On March 16, the nation will celebrate, “Freedom of Information Day” marking the declaration of the Freedom of Information Act enacted on July 4, 1966.
The Act ensures every person the right to get information from government records that are not protected by one of the nine exemptions, or particular law enforcement record exceptions.
The Eileen Cooke State & Local Madison Awards recognize champions of this ideal, and as we have seen some advances in freedom of information within government agencies, unfortunately, a large agency within our government, Caltrans is not one of them.
Caltrans would like us to think that it is a transparent agency and one who wants public input, but according to its own admissions by the proposed Interstate 5/state Route 78 Interchange project manager, it holds non-noticed, clandestine meetings where Caltrans names the participants in the “community working group.”
The meetings are staffed with political consultants, an engineering firm, and various “select” participants, and hosted with taxpayer dollars out of the view of the public.
Does that sound like an agency which embraces transparency or a government agency doing its bidding in the shadows?
Organizer Allan Kosup from Caltrans, outlined goals and stated at the onset of the secret meetings, “It is helpful to have the working group be part of the process so when it comes time to identify a preferred alternative, there are no surprises in the community about the decision Caltrans will make.

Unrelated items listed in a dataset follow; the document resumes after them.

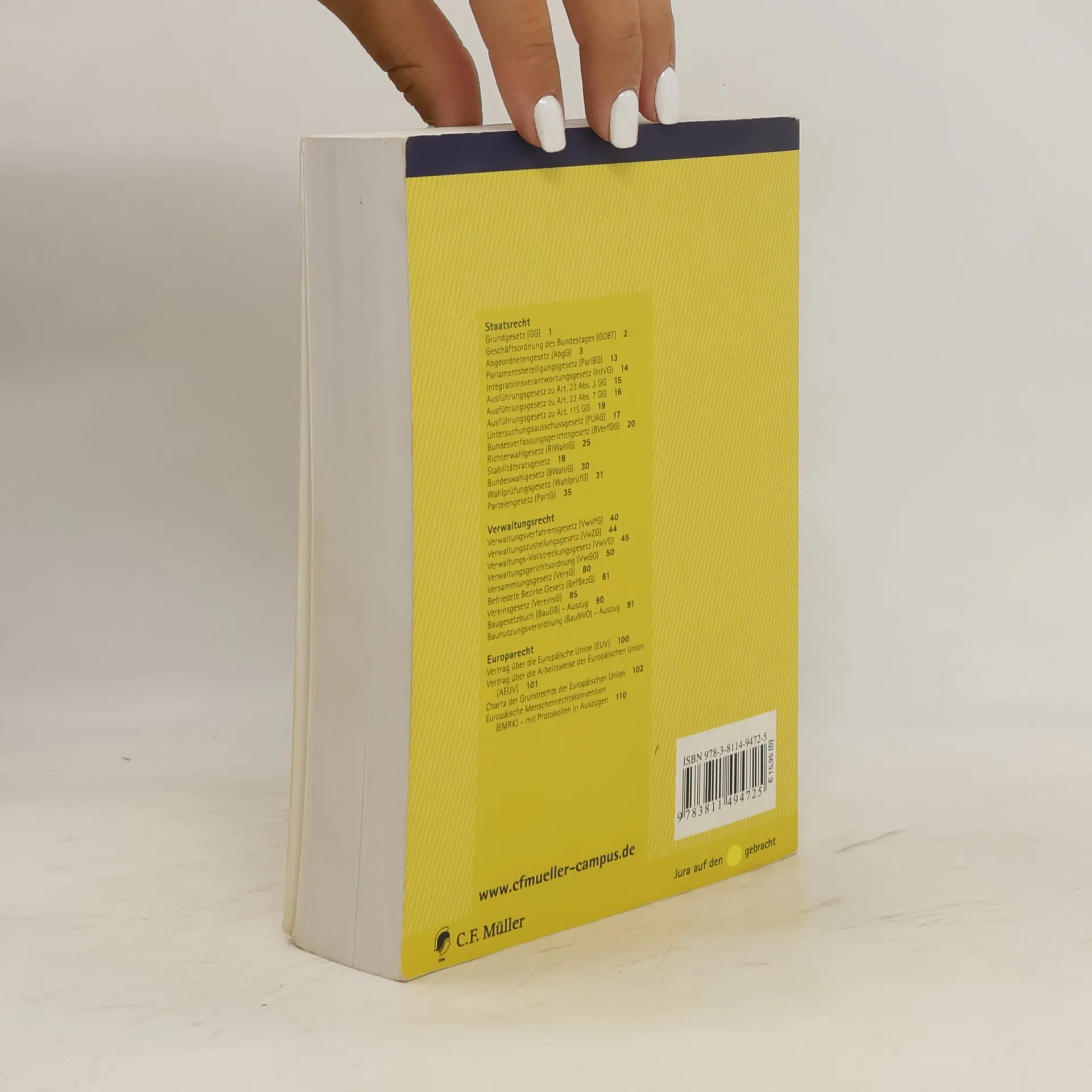 Aus dem Inhalt: Staatsrecht - Grundgesetz (GG); - Geschäftsordnung des Bundestages (GOBT); - Abgeordnetengesetz (AbgG); - Parlamentsbeteiligungsgesetz (ParlBG); - Integrationsverantwortungsgesetz (IntVG); - Ausführungsgesetz zu Art. 23 Abs. 3 GG; - Ausführungsgesetz zu Art. 23 Abs. 7 GG; - Untersuchungsausschussgesetz (PUAG); - Stabilitätsratsgesetz (StabiRatG); - Ausführungsgesetz zu Art. 115 GG (Art. 115-G) - Bundesverfassungsgerichtsgesetz (BVerfGG); - Richterwahlgesetz (RiWahlG); - Bundeswahlgesetz (BWahlG); - Wahlprüfungsgesetz (WahlprüfG); - Parteiengesetz (PartG); Verwaltungsrecht - Verwaltungsverfahrensgesetz (VwVfG); - Verwaltungszustellungsgesetz (VwZG); - Verwaltungs-Vollstreckungsgesetz (VwVG); - Verwaltungsgerichtsordnung (VwGO); - Versammlungsgesetz (VersG); - Befriedete Bezirke Gesetz (BefBezG); - Vereinsgesetz (VereinsG); - Baugesetzbuch (BauGB) - Auszug; - Baunutzungsverordnung (BauNVO) - Auszug; Europarecht - Vertrag über die Europäische Union (EUV); - Vertrag über die Arbeitsweise der Europäischen Union (AEUV); - Charta der Grundrechte der Europäischen Union; - Europäische Menschenrechtskonvention (EMRK mit Protokollen in Auszügen).
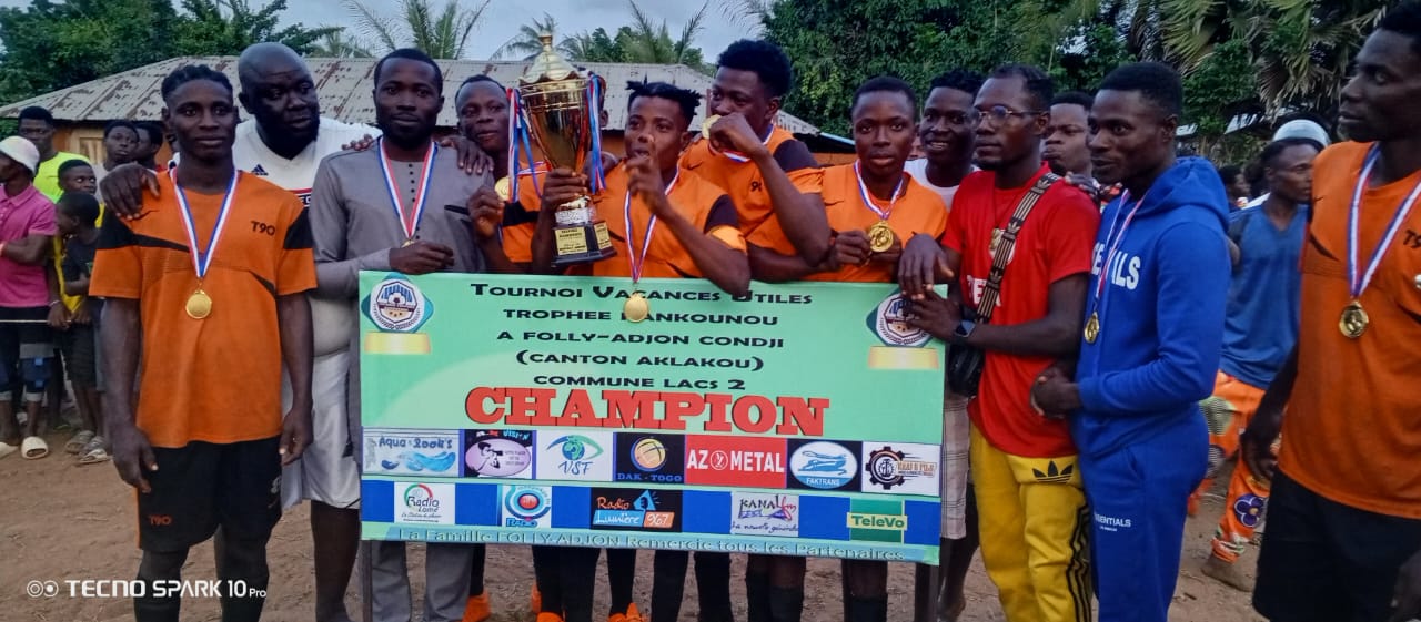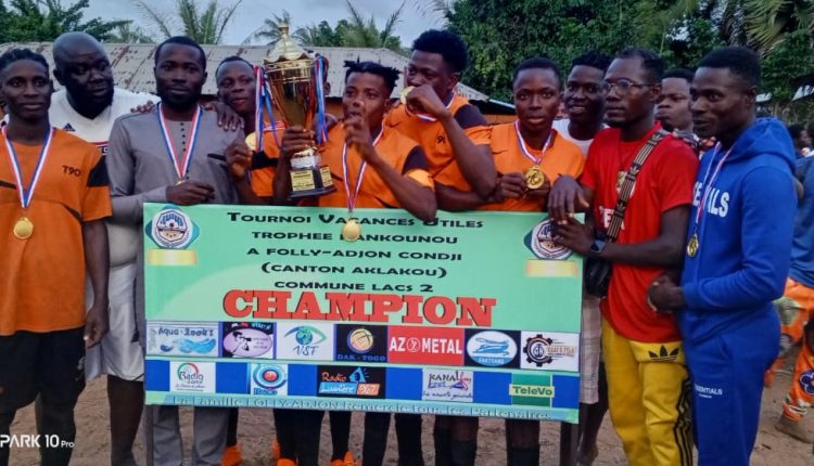Grand Baobab FC est sacré champion de la première édition du tournoi Vacances utiles trophée Hankounou qui s’est déroulée à Folly Adjon Condji. Il a dominé Toffa FC aux tirs au but 1-0 après le nul de 0-0 à la fin du temps réglementaire. C’était ce samedi 31 août 2024 à Aklakou dans la commune Lacs 2. En prélude à cette finale, les dames Amazones Folly-Adjon du village ont perdu devant celles de Lomé 1-0.
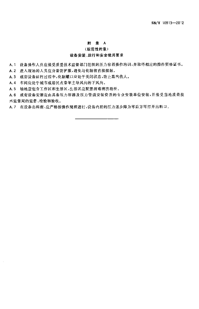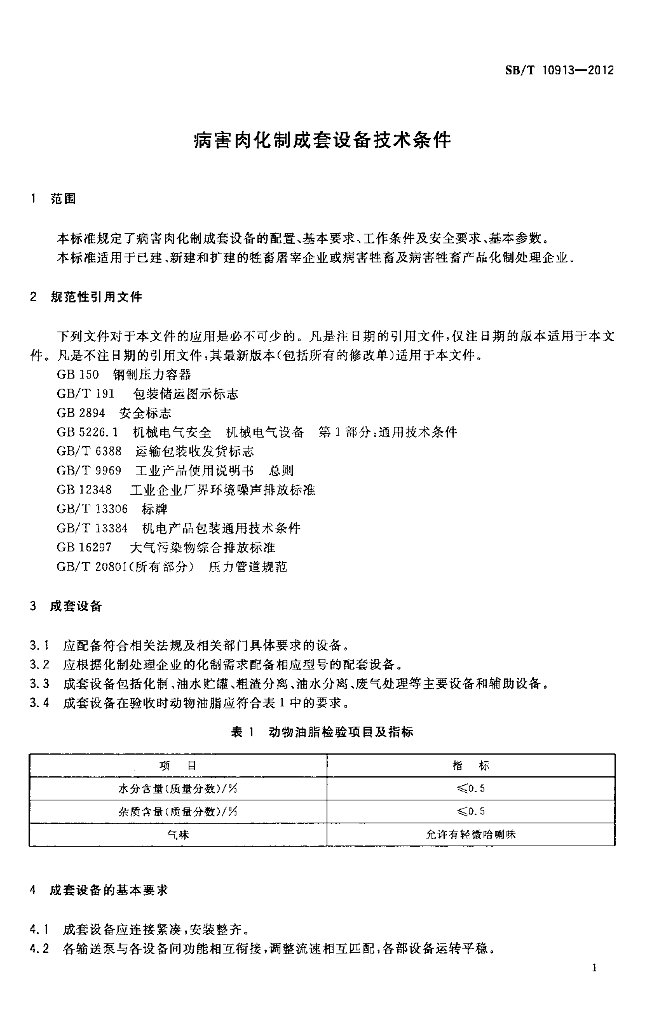 SB/T 10913-2012 病害肉化制成套设备技术条件
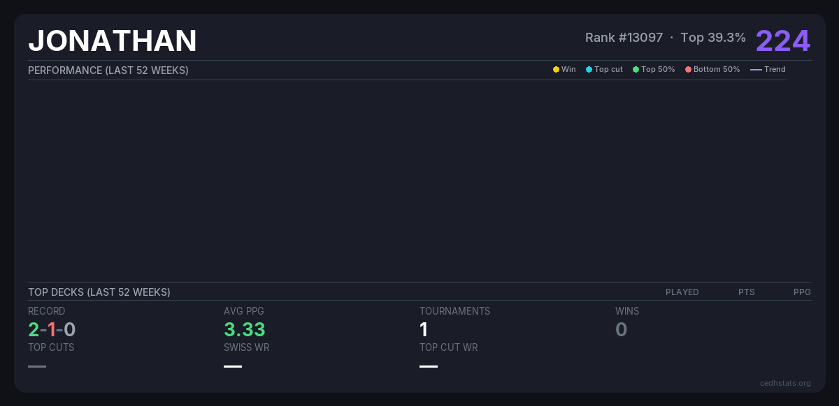 | Friday Night Commander Apr 11, 2026 | 2/17 | 2-1-0 | 224 | |

It also shows the elected officials in the area that there is consensus in the community that a project needs to be built.”
What Mr. Kosup doesn’t seem to understand is, the group he assembled has not been transparent with the public either.
The public is not notified when the “community working group” meets so they can ask questions or offer insight, only given the results of the “meeting” — this is not transparency.
Does this satisfy the public’s right to know? Absolutely not!
The right to know should not be an afterthought rather the forethought; Caltrans persists in insulting the bright minds in our communities by continuing to discount their ideas, abilities, and participation in an open process.
Caltrans needs a do over — Caltrans needs to come out of the shadows and do it right this time.
Caltrans needs to notice the public they are seeking input and hold multiple public meetings throughout Oceanside and Carlsbad.
Since funding is not allocated for the entire project, the current focus should be on taking time to find the right fit for all, rather than how they can ramrod the Los Angeles style interchange through by means of surreptitious meetings.
Years ago, we asked Caltrans “marry” the I-5 widening with the interchange project.
They refused and we know why. The impacts of both projects will forever change Oceanside and Carlsbad communities and this should not be taken lightly.
Over an estimated 12,000 residents property values and quality of life (South Oceanside and Fire Mountain) will be impacted by the decision.
Caltrans’ idea that its “community-working group” will show there is “consensus” in the community couldn’t be more wrong.
There is no consensus in the community, rather feelings of deceit, secrecy and surprise.
So, Caltrans, let’s open it up, slow it down and make sure the fit is good for all in a transparent process as we celebrate “Freedom of Information Day” and the President (James Madison) who vowed to make certain that the newly formed nation held no secrets from the people it served.
Shari Mackin is a former Oceanside City Council member.